The ins and outs of puts and calls; 2 familiar tools raise their profile.

Many municipal issuers are finding value in puts and calls this year.

The two types of options are more common in the equity market, but are making their mark in the tax-exempt market.

A call option gives the holder the right to buy something at a preset price by a certain date. A put option gives the holder the right to sell something at a preset price by a certain date.

In both cases, the option holder has an option. If there's no money to be made by buying or selling at the preset price, the option holder is not obligated to act.

The entity that sold the option, known as the option writer, is obligated to follow the dictates of the option holder. If the holder wants to buy or sell at the preset price, the option writer must act.

Both options can be used in hedging transactions, to help issuers minimize risk.
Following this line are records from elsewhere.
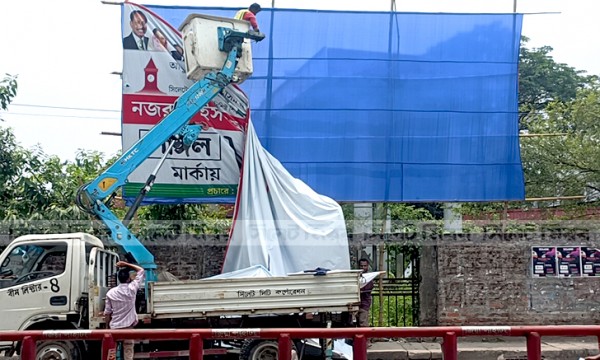 সিলেট সিটি করপোরেশন নির্বাচনকে কেন্দ্র করে মেয়র ও কাউন্সিলর প্রার্থীদের পক্ষে লাগানো তোরণ, বিলবোর্ড, ব্যানার, ফেস্টুন ও পোস্টার অপসারনে অভিযান শুরু করেছে সিলেটের আঞ্চলিক নির্বাচন কার্যালয়।
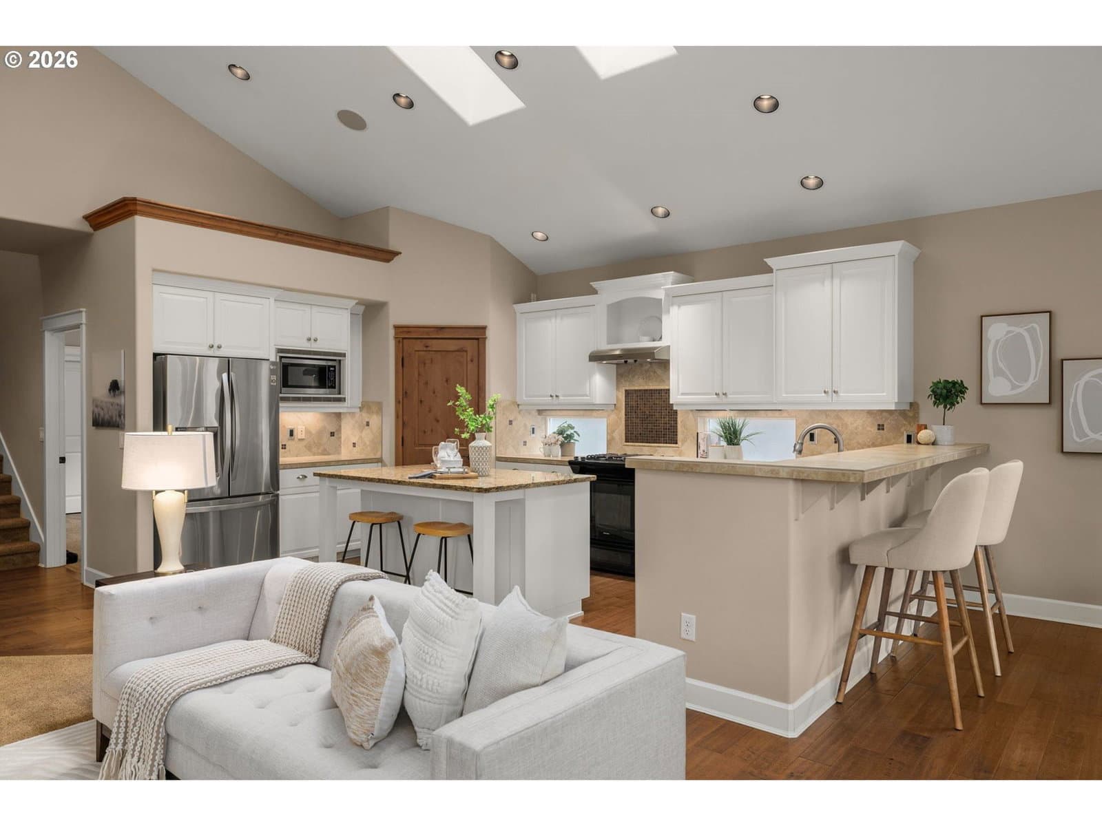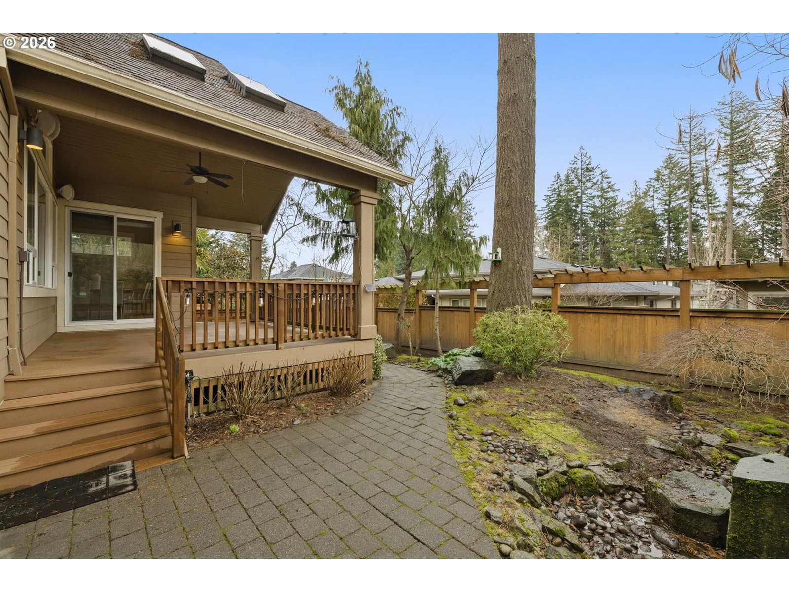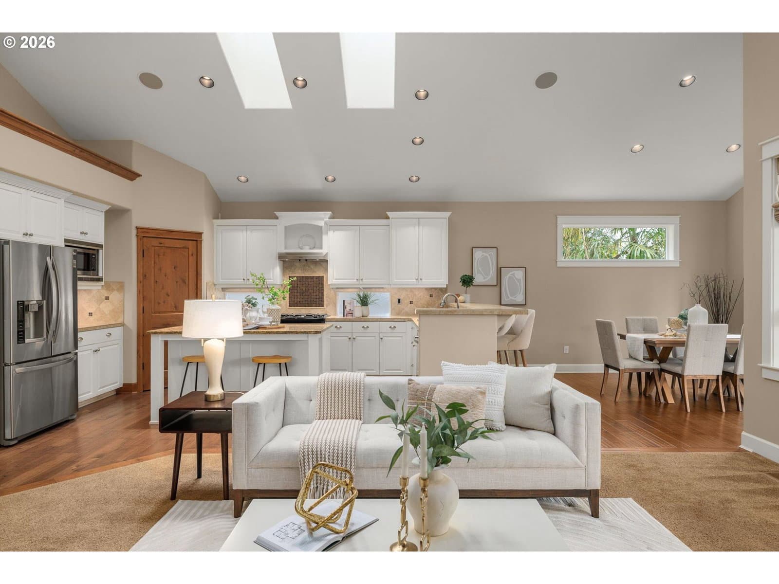 True single-level living defines this beautifully designed custom residence by Pahlisch Homes, featuring a primary suite and two additional bedrooms on the main floor, plus a flexible bonus room upstairs.The vaulted open living area seamlessly connects the kitchen, dining, and living room -which is anchored by a stone surround gas fireplace with custom built-in cabinetry.The kitchen offers modern white cabinets, a large granite island, gas range, built-in microwave, pantry, and distinctive raindrop-glass windows beneath the cabinetry that bring in natural light while maintaining privacy. The dining area opens directly to a covered cedar deck, creating an easy and inviting indoor-outdoor connection.The main-level primary suite features a frameless glass step-in shower, walk-in tub, granite double vanity, and large walk-in closet. Two additional main-level bedrooms share a full bathroom, with one bedroom showcasing custom floor-to-ceiling built-in shelving and a rolling ladder, which doubles as a great home office.Upstairs, the fourth bedroom or bonus room sits behind French doors and offers vaulted ceilings, skylights, a built-in projector and screen, workstation, window seat, full bathroom, and additional storage—an ideal media room/play room or guest suite.Additional highlights include a laundry room off the garage—perfect for a drop zone, a hall closet with wine storage, centralized lighting and sound controls, EV charging, a tankless water heater, and a fully fenced, low-maintenance yard with pavers and a rock garden.Conveniently located near Scholls Ferry and Hwy 217 with easy access to Beaverton, Portland, the westside tech corridor, parks, dining, and Washington Square Mall. This well-maintained beauty is light and bright with a great functional floorplan and everything you need to move right in!
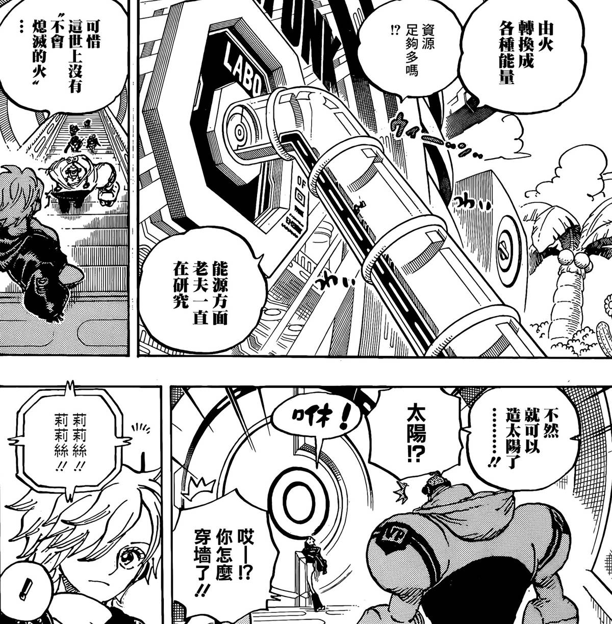 草帽一夥剛到蛋頭島時,莉莉絲就說過,如果有永不熄滅的火焰,就能造出太陽;老貝在直播裡提到聖母火焰,也說自己離太陽太近了,這些地方都是伏筆,暗示了「太陽」是能源。老貝認為自己的研究是禁忌,神典裡也說人類觸碰了「禁忌的太陽」,那麼這兩個東西大機率是一回事。
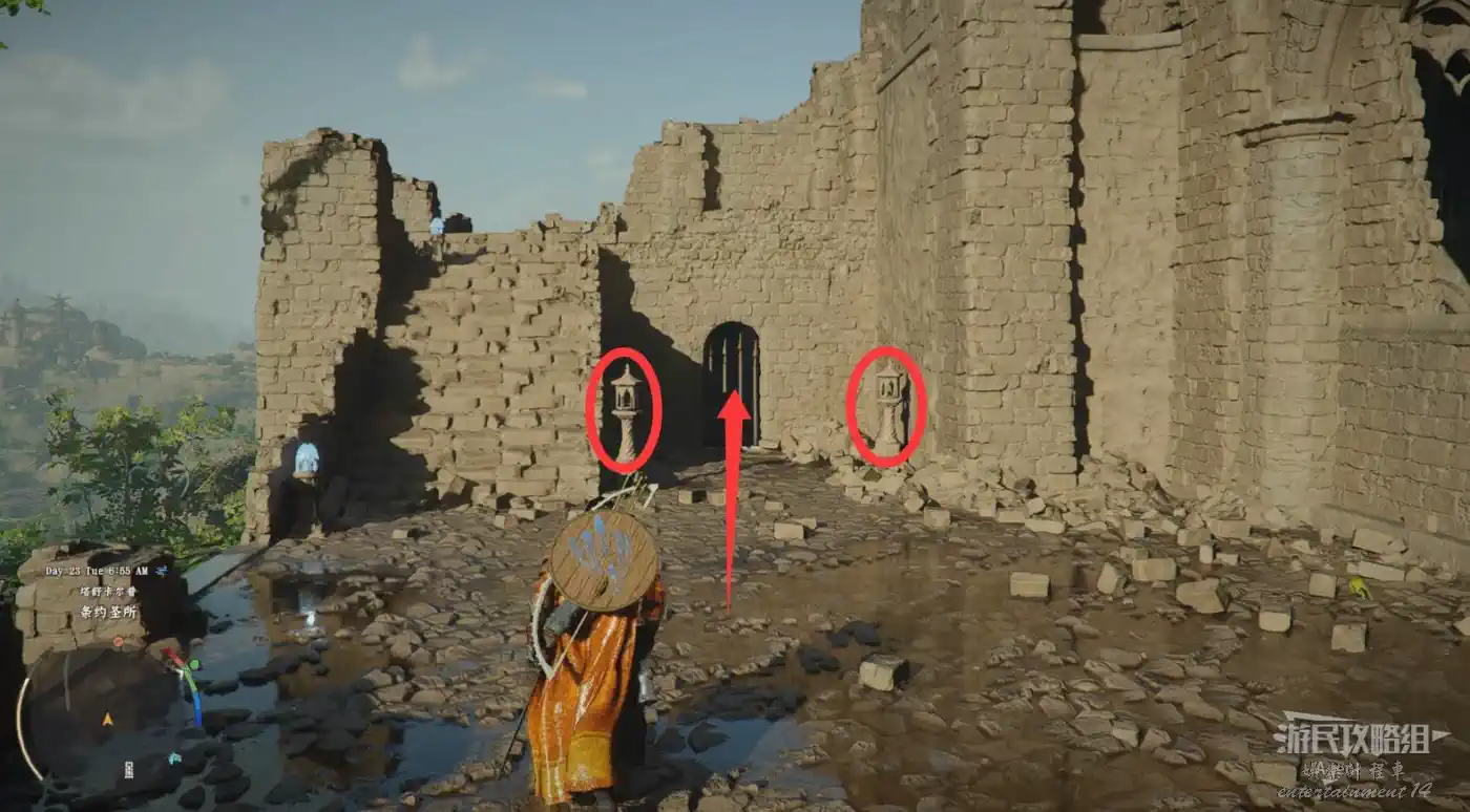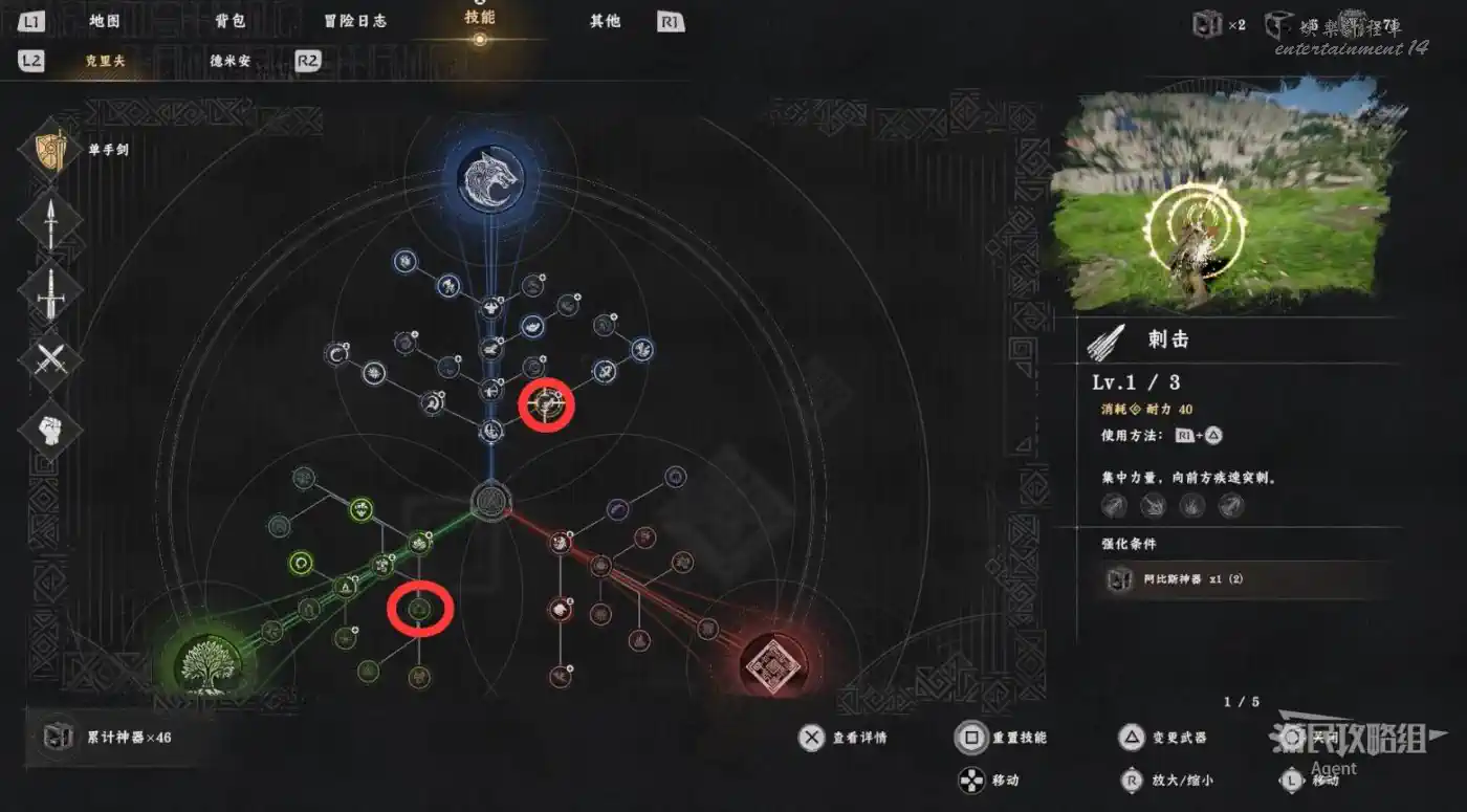“勁法:凝神”這個技能麻煩點,需要主線推到第四章後,到埃爾南德南面下圖位置,看彩色石頭前的幻影演示學習。使用這個技能就可以擊碎彩色石頭。
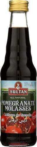 Sultan Molasses Pomegranate, 10 oz (Pack of 3). Pomegranate molasses is a syrup-like reduction of pomegranate juice that has a really unique, tart-sweet flavor and is colored a gorgeous, deep reddish purple. It's as thick as maple syrup with sweet and sour flavors that combine the best of balsamic vinegar with lush fruit. Great as an ingredient in an array of Middle Eastern dishes, it's the sort of addition to sauces and stews that add enormous depth of flavor but no one can ever identify. I've found it particularly good with poultry dishes-it's a nice addition to a creative cook's marinade routine. It's also great drizzled over crepes, fresh Zingerman's Creamery cream cheese, or gelato.
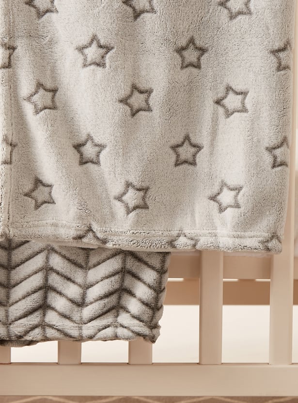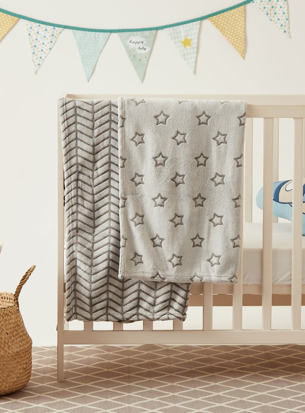 Showcasing different designs, ensure your little one feels cocooned with this set of two blankets. It will lend them a warm and cosy good night's sleep. The coral fleece blanket is designed in a furry texture that adds extra comfort. Made from soft material, the blanket is sure to be gentle on his skin.

For example, many issuers are required to invest their debt service funds in Treasury securities before the funds are distributed to bondholders. Typically, the funds are invested in very short-term Treasuries paying a minimal amount of interest.

The issuer usually deposits one-sixth of the semiannual interest with its trustee each month. The trustee invests the funds in Treasury securities that will mature on the date of the interest payment. The trustee then uses the proceeds from the maturing Treasuries to pay bondholders.

Why can't the trustee invest in longer-term Treasuries, to give the issuer a higher rate of return on the debt service funds? Couldn't the trustee just sell the Treasuries in the open market when the funds are needed to pay bondholders?

The problem is that if the Treasuries do not mature on the interest payment date, there is no way of knowing how much the trustee will raise by selling the Treasuries. The market value of a long-term Treasury bond fluctuates unpredictably as interest rates change.

If the value of the long-term Treasuries dropped, the trustee would have a shortfall when it came time to pay bondholders.

But, using a put option, the issuer can invest debt service funds in long-term Treasuries without much market risk.

The put option gives the issuer, or its trustee, the right to sell the long-term Treasuries for a preset price -- a price high enough to cover the interest payment owed to bondholders.

The issuer has to pay for the put option. However, by investing debt service funds in longer-term Treasuries, the issuer receives a higher rate of return that more than covers the costs of the option.

The risk is that the option writer, usually a Wall Street firm, might go bankrupt or for some other reason might not be able to make good on its side of the bargain. The issuer would then have to sell the Treasuries in the open market and might not raise enough to make its interest payment.

To mitigate this credit risk, issuers usually require that the option writer have a high credit rating or post collateral.